[[ Data block open ]]
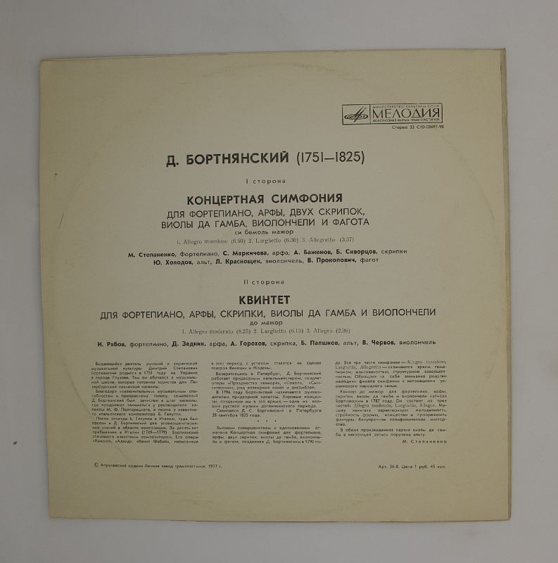 Концертная Симфония Для Фортепиано, Арфы, Двух Скрипок, Виолы Да Гамба, Виолончели И Фагота Си Бемоль Мажор
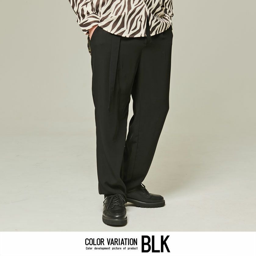 キレイめカジュアルにもぴったりなスラックス。シンプルで上品な印象を与える。 CavariA(キャバリア)ベルト付きワイドパンツ/全4色
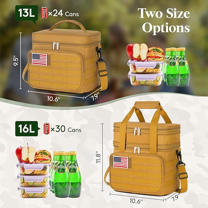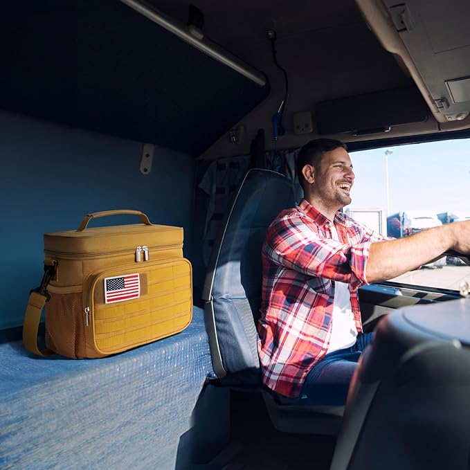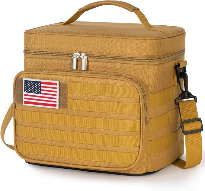 - Tactical Style: Our lunch box for men is perfect for outdoor enthusiasts and military fans. With a classic military-style design featuring MOLLE webbing for extra attachments. The front pocket’s hook and loop strip for displaying national flags or military patches shows your unique style and personality.
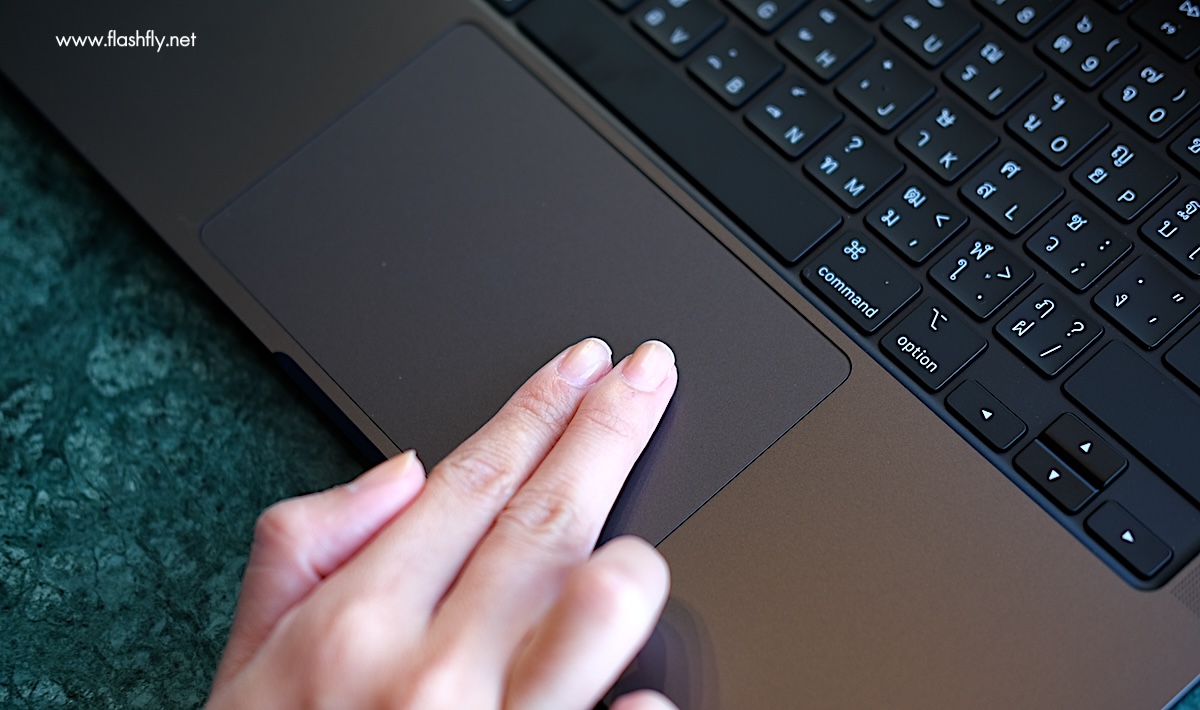 ส่วนแทร็คแพดมีขนาดใหญ่ ช่วยให้ควบคุมเคอร์เซอร์ได้อย่างแม่นยำ และรองรับ Force Touch จึงรับรู้แรงกดในการคลิกลงน้ำหนัก รวมถึงรับรู้การเร่งความเร็วตามแรงกด การวาดนิ้วที่ไวต่อแรงกด และรองรับคำสั่งนิ้ว Multi‑Touch
[[ Data block closed ]]
About this task:
Retype all of the material above exactly; the pictures stay out.

Answer box:
 Концертная Симфония Для Фортепиано, Арфы, Двух Скрипок, Виолы Да Гамба, Виолончели И Фагота Си Бемоль Мажор
 キレイめカジュアルにもぴったりなスラックス。シンプルで上品な印象を与える。 CavariA(キャバリア)ベルト付きワイドパンツ/全4色
 - Tactical Style: Our lunch box for men is perfect for outdoor enthusiasts and military fans. With a classic military-style design featuring MOLLE webbing for extra attachments. The front pocket’s hook and loop strip for displaying national flags or military patches shows your unique style and personality.
 ส่วนแทร็คแพดมีขนาดใหญ่ ช่วยให้ควบคุมเคอร์เซอร์ได้อย่างแม่นยำ และรองรับ Force Touch จึงรับรู้แรงกดในการคลิกลงน้ำหนัก รวมถึงรับรู้การเร่งความเร็วตามแรงกด การวาดนิ้วที่ไวต่อแรงกด และรองรับคำสั่งนิ้ว Multi‑Touch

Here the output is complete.